Apple and South Korea could be on a collision course, after a government official reportedly warned on a possible investigation into Apple’s compliance with a new law.
In August South Korea became the first major world economy to effectively stop Apple and Google from charging commissions on in-app purchases.
It happened after South Korea’s parliament amended its ‘Telecommunications Business Act’ in order to stop Google and Apple from forcibly charging software developers up to a 30 percent commissions on in-app purchases.
The ‘Telecommunications Business Act’ went into force last month, after it was approved in a vote in South Korea’s parliament in late August, with 180 voting in favour out 188 attending.
Now Reuters is reporting that a South Korean government official is warning of a possible investigation into the iPhone maker’s compliance.
Apple reportedly already told the South Korean government that it was already complying and did not need to change its app store policy, a Korea Communications Commission (KCC) official in charge of the matter told Reuters.

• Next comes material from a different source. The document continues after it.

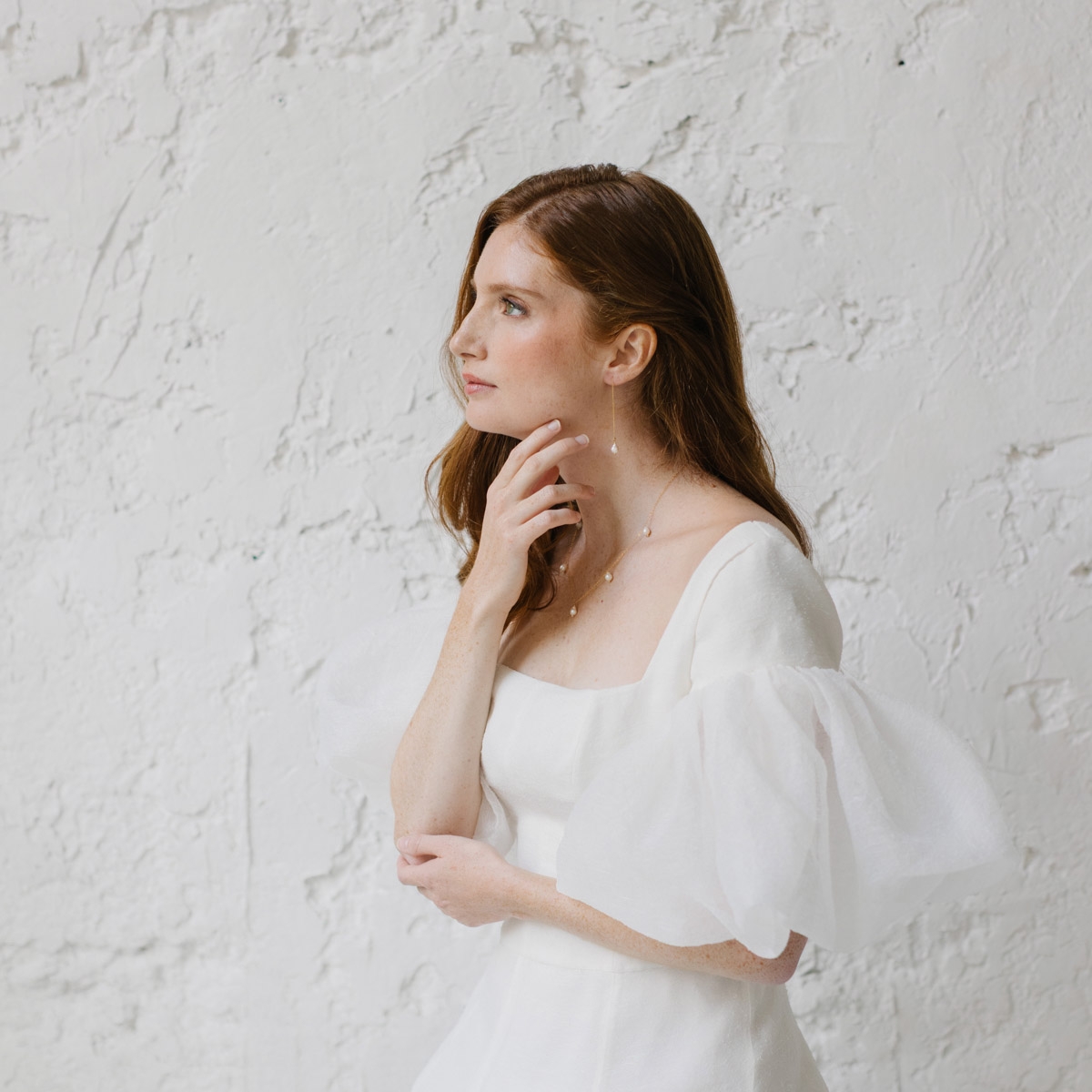 Un collier fin et lumineux, parfait pour sublimer un décolleté de mariée ou pour apporter une touche de douceur à une tenue du quotidien.

“This goes against the purpose of the amended law,” the official said, requesting anonymity as the KCC was still in talks with Apple on compliance.
The regulator would ask Apple’s South Korean unit for a new company policy giving greater autonomy in payment methods.
If Apple fails to comply, the regulator would consider measures such as a fact-finding probe as a precursor to possible fines or other penalties, it is being reported.
Apple did not immediately reply to a request for comment.
Google meanwhile has reportedly told the KCC that it planned to comply with the law, including allowing third-party payment systems, and would discuss the matter with the regulator starting next week, the KCC official said.
This is evidenced by the ongoing legal action between Apple and Epic Games, the developer of the game Fornite.
And it is worth noting that Apple and Google’s worldwide domination of in-app purchases is facing challenges outside of South Korea as well.
In March this year, the UK’s Competition and Markets Authority (CMA) launched an investigation into Apple following complaints that its terms and conditions for app developers are unfair and anti-competitive.
It comes after the European Commission in June 2020 also opened two formal antitrust investigations into Apple, over its App Store and Apple Pay.
On the other side of the pond, a bipartisan trio of US senators proposed a bill meant to ease the tight control they believe Apple and Google exert on the app market.
That is at the federal level, but some US states are pursuing their own clampdowns.